Former major league pitcher Mitch Williams lived up to his "Wild Thing" moniker when he was recently tossed from his son's youth baseball tournament for engaging in a face-to-face, profanity-laced outburst with an umpire. Unfortunately, Williams' behavior is indicative of youth sports parents and their tendency to vent about everything: the coaching, deficiencies of their child's teammates, the opposing coach's tactics, and the game's officiating.
College coaches take note of parents who behave badly, because they fear it will continue at the next level in some form, thus affecting individual and team performance and chemistry and influencing the external perception of their capabilities as coaches.
What does the coach think when he observes inappropriate behavior by a parent, and how does he or she weigh the potential future ramifications on his or her own coaching situation?
"Is it worth it?"
"Will this harm my job security?"
Is it really worth it to bring in an athlete whose parents might disrupt the team and raise concerns among the administration and fans regarding the coach's ability to lead? Coaches want to win and also keep their jobs. When they see this sort of insidiousness, it makes them wonder if parent behavior will detract from their ability to coach and win—possibly getting them fired. Thus, if two athletes are relatively equal in ability, and one has parents who are a handful, the coach will opt for the safer recruit every time.
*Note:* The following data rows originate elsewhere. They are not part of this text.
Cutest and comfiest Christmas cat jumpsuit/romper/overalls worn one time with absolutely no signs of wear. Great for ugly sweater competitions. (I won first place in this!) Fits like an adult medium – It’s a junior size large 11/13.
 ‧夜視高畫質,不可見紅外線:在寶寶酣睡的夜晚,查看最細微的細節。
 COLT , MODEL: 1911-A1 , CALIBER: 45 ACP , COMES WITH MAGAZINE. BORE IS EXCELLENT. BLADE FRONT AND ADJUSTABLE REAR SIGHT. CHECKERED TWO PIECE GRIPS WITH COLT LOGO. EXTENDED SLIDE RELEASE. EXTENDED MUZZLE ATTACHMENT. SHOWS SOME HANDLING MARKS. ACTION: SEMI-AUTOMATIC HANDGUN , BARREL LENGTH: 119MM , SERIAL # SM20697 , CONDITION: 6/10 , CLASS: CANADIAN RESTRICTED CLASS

As an athlete, how can you can best deal with a parent who is behaving in a manner detrimental to you, your coaches and team? Don't be afraid to let them know how you feel. For example, tell them you don't like it when they yell at the refs, because it doesn't help you and it takes you out of the moment. If your parent's behavior distracts you from your focus on the field, it is obviously impacting your ability to perform to the best of your abilities.
Communicate how your parents' behavior can negatively affect your recruiting. Make sure you let them know, because your parents truly want you to do well. Tell them, "Let's figure out a way you can still root for me, be there to encourage me and be a parent first."
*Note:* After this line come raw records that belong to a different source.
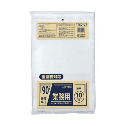 まとめ買い ジャパックス 重量物対応 特厚ポリ袋 透明 90L PL910 1パック(10枚) 【×2セット】 【同梱不可】【代引不可】[▲][TP]
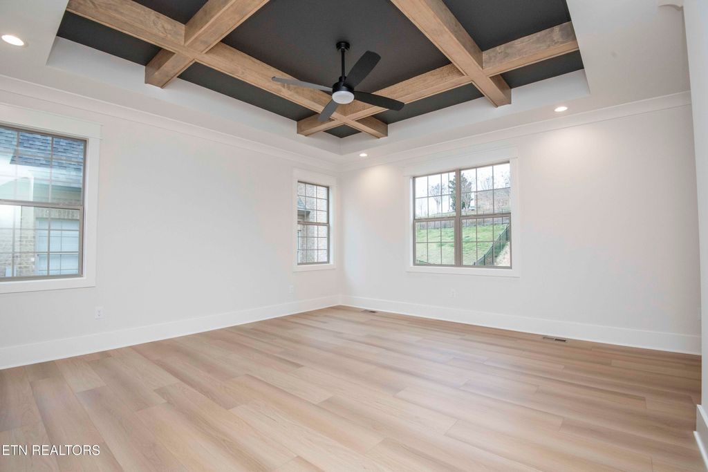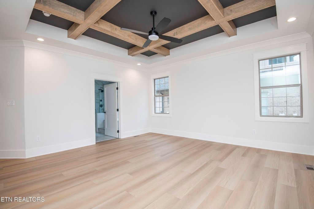 Six oversized bedrooms plus a bonus room offer exceptional flexibility for today's lifestyles. The main has level 2 bedrooms. The primary suite on main includes a coffered ceiling with exposed beams, oversized walk-in closet, shower, soaking tub, with porch access.
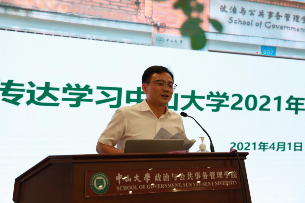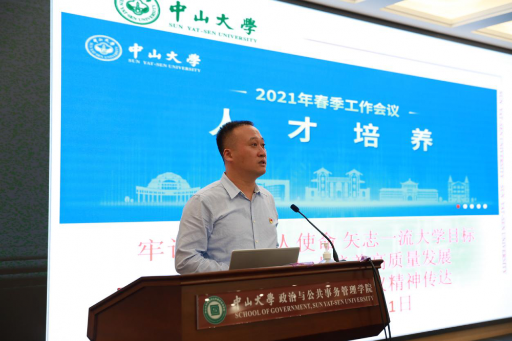 分管教学工作的叶林副院长传达了罗俊校长作的题为《牢记立德树人使命 矢志一流大学目标 加快推进人才培养高质量发展》的大会主题报告,并对春季工作会议中“人才培养”专题的内容作了重点传达。罗校长的报告总结了学校“十三五”时期立德树人的主要成绩,分析了学校目前人才培养存在的主要问题,明确了新时期立德树人的目标和路径,提出了实现高质量人才培养的具体要求。报告明确要处理好四大关系,坚持四大原则,为党和国家培养出更多德智体美劳全面发展的社会主义建设者和接班人,推动学校整体实力“稳居国内高校第一方阵”。本次春季工作会议明确提出了立德树人是学校的中心工作,为党育人、为国育才是学校的根本使命,更加凸显了立德树人的主体责任。院系作为大学人才培养的主阵地,在教学科研工作中必须紧密围绕“培养什么人、怎样培养人、为谁培养人”的根本问题,在办学实践中探索具有中大特色的人才培养理念。叶林副院长还结合了校党委常务副书记、副校长马骏,党委副书记余敏斌,副校长刘济科以及研究生院院长陈曾平等作的报告内容,传达了学校最新的政策动向。
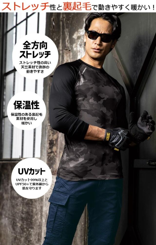 GLADIATOR(グラディエーター)のホットコンプレッション「ウォームパワーサポート長袖」です。 心地よくフィットする全方向ストレッチの裏起毛素材が熱を蓄え、優れた保温力と動きやすさを両立しています。 縫い目がフラットで肌への当たりが少ないフラットシーマ縫製で、気になるニオイを軽減する消臭テープ、紫外線から肌を守るUVカット機能も装備しており、ハードな環境下でも暖かさをキープし、快適な着心地を実現しています。 ワークやアウトドアなど冬の様々なシーンのインナーウアェアとして大活躍します。 |
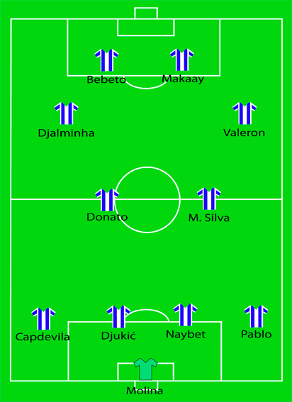 Équipe-type : Molina, Pablo, Naybet, Djukić, Capdevila, Mauro Silva, Donato, Valerón, Djalminha, Makaay, Bebeto.
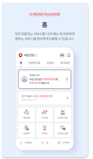 The건강보험 서비스는 공단 홈페이지내의 주요 콘텐츠를 국민들이 모바일에서 쉽고 빠르게 많은 정보를 접할 수 있도록 구성하였습니다.
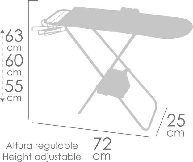 Del paketa so praktični dodatki za popolno igro – plastični likalnik, 3 obešalniki za oblekice in tekstilna košarica, pritrjena na konstrukcijo. Deska je zložljiva, enostavna za prenašanje in shranjevanje, kakovostni materiali (kovina, plastika, tekstil) pa zagotavljajo vzdržljivost pri vsakodnevni uporabi.
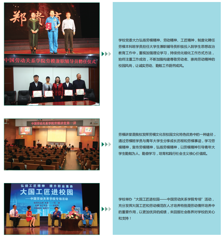 在扎实办好劳模本科教育的同时,学校立足行业特色和学校实际,积极构建特色校园文化,加强劳动教育,培育师生深厚劳动情怀。着力发挥“劳动模范在校园、大国工匠在身边”、劳动关系和工会领域学科体系较为完整的优势,坚持举办“劳模大讲堂”“大国工匠面对面” “劳模党支部与学生党支部共建”等活动,大力弘扬劳模精神和工匠精神,让大学生有机会近距离接触劳动模范、感受劳模精神、聆听劳模故事、观摩精湛匠艺、分享工匠情怀,引导青年师生学习劳动模范和大国工匠勤奋学习、勤于钻研、勤勉敬业的精神,自觉践行社会主义核心价值观,取得了显著成效。
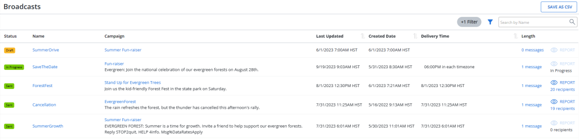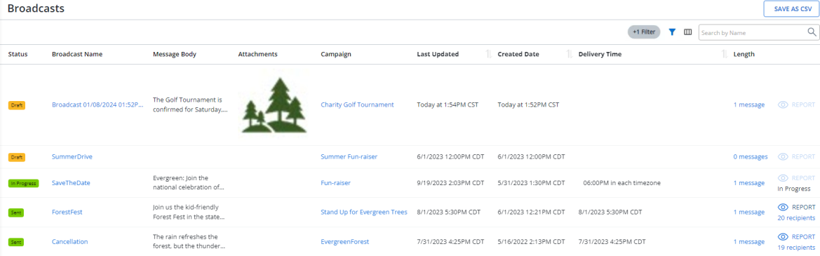 Resolved an issue where the Save as CSV function wasn’t working properly with active search filters in broadcasts.
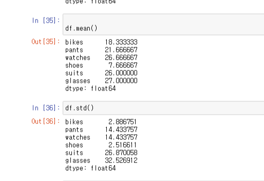 .std() 각 컬럼의 표준편차 값을 알수있다.
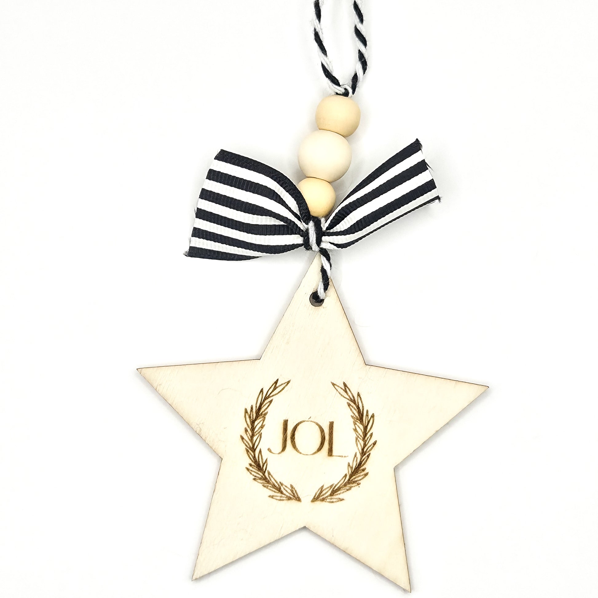 Fallegt jólaskraut með lasermerktum viðarplatta og -perlum

How should coaches manage parents? These days, it seems, you have to coach the parents as much as the athletes, particularly at the middle school and high school level. It's important for coaches to lay down ground rules at the beginning of the process and hold parents accountable. Make it clear there will be consequences—their child won't play or won't be a part of the team, or they will be banned from the games, period.
Start this approach early by drawing a line in the sand from Day 1 and prohibit your parents from watching practice. Practice is coach time and athlete time. Parents don't add anything by attending practice. It just puts pressure on their child by distracting them when they should be focused on getting better. Athletes should not be worried about their parents dissecting their practice on the car ride home or, worse, engaging the coaches after practice regarding similar issues. The reality is no one knows the team as well as the coach, who often has a plan and purpose for practice situations and resulting athlete shortfall, part of his or her strategic and individual development plan and experience.
Athletes and coaches: take charge of managing parents so they don't negatively affect your performance and recruiting opportunities.